O ex-prefeito Abrão Zacarias (PMDB) aposta, confiante, na pré-candidatura do filho, o vereador Guto Zacarias. O pai já governou a cidade em quatro ocasiões. Agora, com o reforço do PHS – que deve indicar o vereador Pato para vice – a confiança aumentou. Em junho passado, um insólito e polêmico encontro agitou a política local: todos os pré-candidatos se reuniram para discutir a possibilidade de construírem um consenso e lançar chapa única, com a sugestão de definir o nome por meio de uma pesquisa. A ideia parece não ter vingado. Além de Valdez e Guto, participaram da reunião a professora Orlanda Freitas dos Santos, Reinaldo Piti Miranda, Jari Katicoco Ribeiro Barbosa, Flávio Pato (PHS) e Mauro Flor da Terra.

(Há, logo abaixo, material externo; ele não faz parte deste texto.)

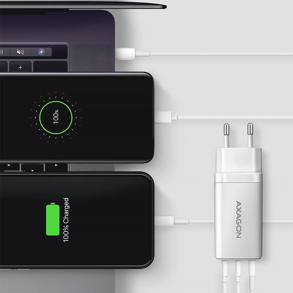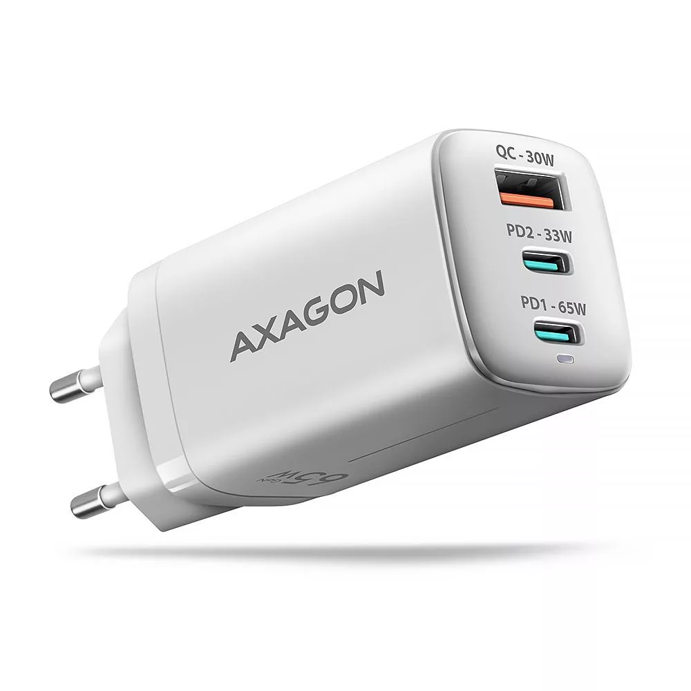 Kompakt utazó fali töltő AXAGON ACU-DPQ65W GaN egyszerre akár három mobileszköz gyors töltéséhez.
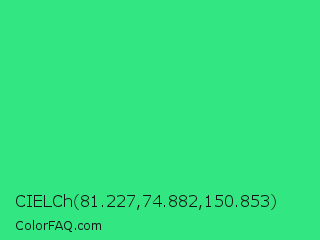 CIELCh 81.227,74.882,150.853 Color is a normal green color and the nearest color is UFO Green #3cd070. Hex code #32e682 and RGB value is rgb(50,230,130). In RGB color space, this color is composed of 20% red, 90% green, 51% blue, In CMYK color space, this color is composed of 78% cyan, 0% magenta, 43% yellow , 10% black , In HSL color space, this color has a hue angle of 147° , 78% saturation and 55% lightness.
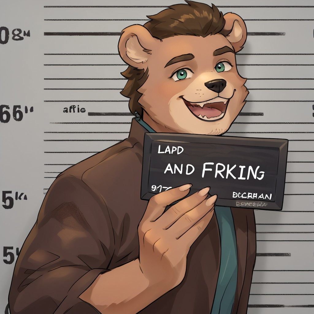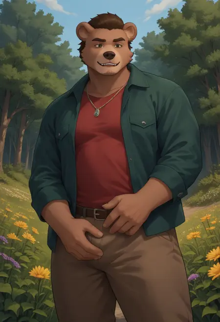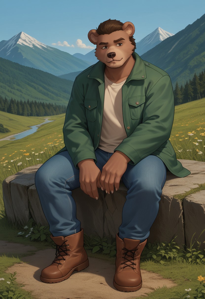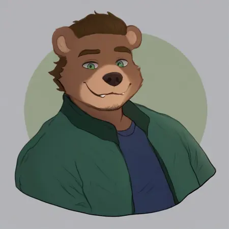 Blue tshirt, green jacket, brown boots, hairstyle backwards, Bear, anthro, furry, chubby, green eyes
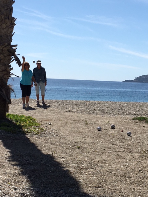 An extempore lunch happened on the wall (bread, cheese, jamon…we must remember to take oil on every outing, as bread, although beautifully crusty, is rather tasteless without oil). The couple playing boule didn’t mind us observing their technique; T thought the senora was pretty good and the senor did all the talking, but there was a ‘tense moment’ about something (this came after an intensive measuring moment in which they used a phone to do the digital measure!)o
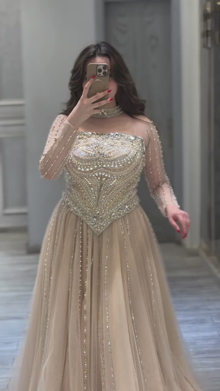 Luxury Nude Crystal Beaded A Line Long Sleeve Evening Dress LA73192
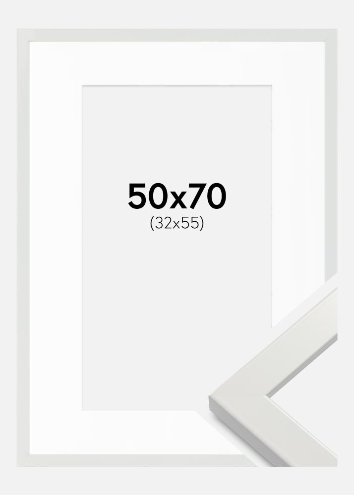Marco White Wood Glossy 50x70 cm - Paspartú Blanco 33x56 cm
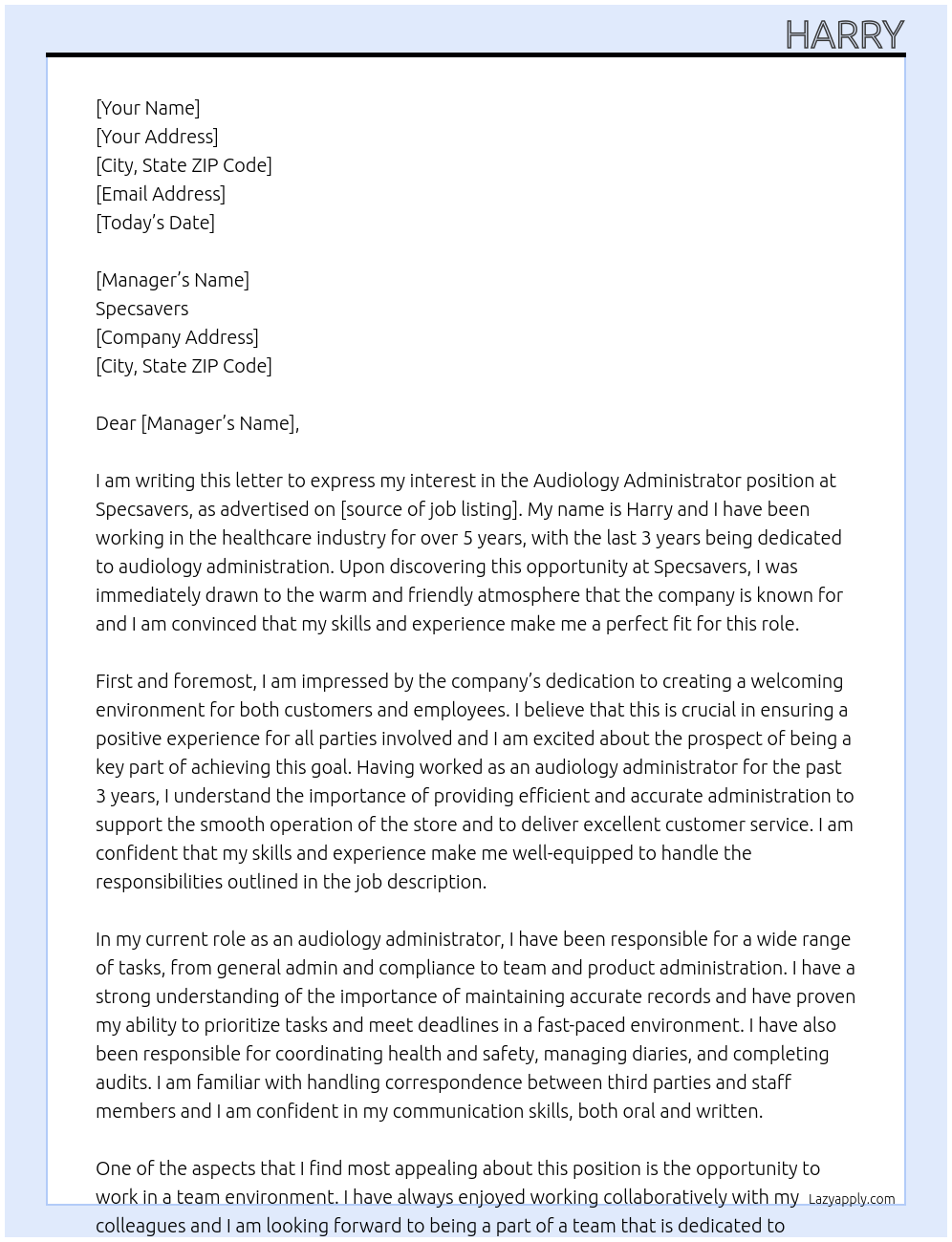 audiology administrator Cover Letter At specsavers
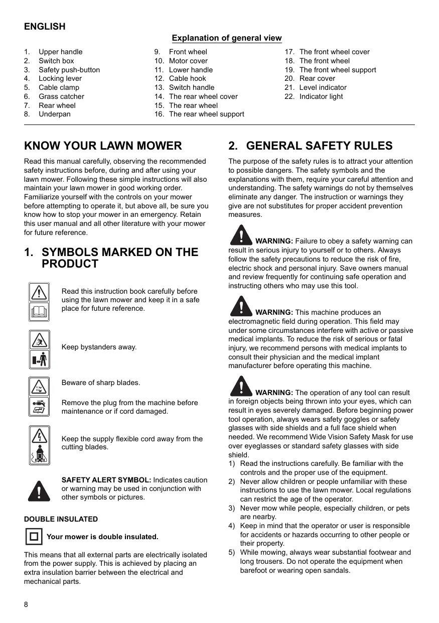 1. SYMBOLS MARKED ON THE PRODUCT Read this instruction book carefully before using the lawn mower and keep it in a safe place for future reference.
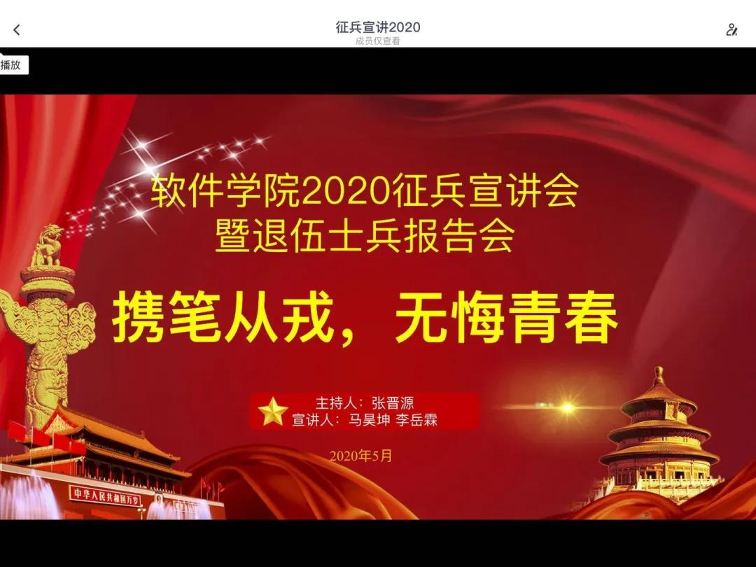 为深入贯彻习近平强军思想,做好宣传动员工作,鼓励大学生应征入伍献身国防,yl88858永利中国于2020年5月31日召开以“携笔从戎,青春无悔”为主题的征兵宣讲会暨退伍士兵报告会。会议由2018级辅导员张晋源老师主持,采用腾讯会议线上直播形式,邀请到了yl88858永利中国2015级优秀校友,某武警军事院校优秀学员李岳霖学长以及退役士兵,软件工程1808班马昊坤同学,为我院学生作线上宣讲,历时95分钟,200余名男生参加了会议。

NOVA ANDRADINA – A sucessão municipal para os nova-andradinenses pode oferecer aos eleitores uma surpresa, caso o prefeito Roberto Hashioka (PSDB) confirme a hipótese que já vinha delineando há algum tempo e não se lance à reeleição. Ele trocou sua sigla de berço, o PMDB, para ficar no mesmo ninho partidário da esposa, atraído pelo convite do governador Reinaldo Azambuja e a expectativa de fortalecer ainda mais o projeto para outros quatro anos de poder.

Com três mandatos de prefeito (os dois primeiros entre 2001 e 2008, saindo da Prefeitura com 93% de aprovação administrativa), Hashioka é esperança certa dos tucanos de conservar uma importante prefeitura em cidade-polo no Vale do Ivinhema. Sem ele, o PSDB tem outras alternativas, entre as quais o médico Leandro Fedossi e os pecuaristas da família Capuci (Ademar, Pablo e Wilson).

O que se desenha, no entanto, é um cenário de disputa mais equilibrada se Hashioka não concorrer. Outros partidos puseram nas ruas seus pré-candidatos, como o vereador Newton Luiz Oliveira, o Nenão, do PMDB; e o empresário Edílson do Gás, do PT; e o atual vice-prefeito, Mílton Sena, do PDT. Sena candidatou-se a prefeito em 2008 e perdeu por apenas 1.436 votos para Gilberto garcia, do PMDB. Nas eleições seguintes, em 2012, aceitou ser o vice-prefeito de Hashioka.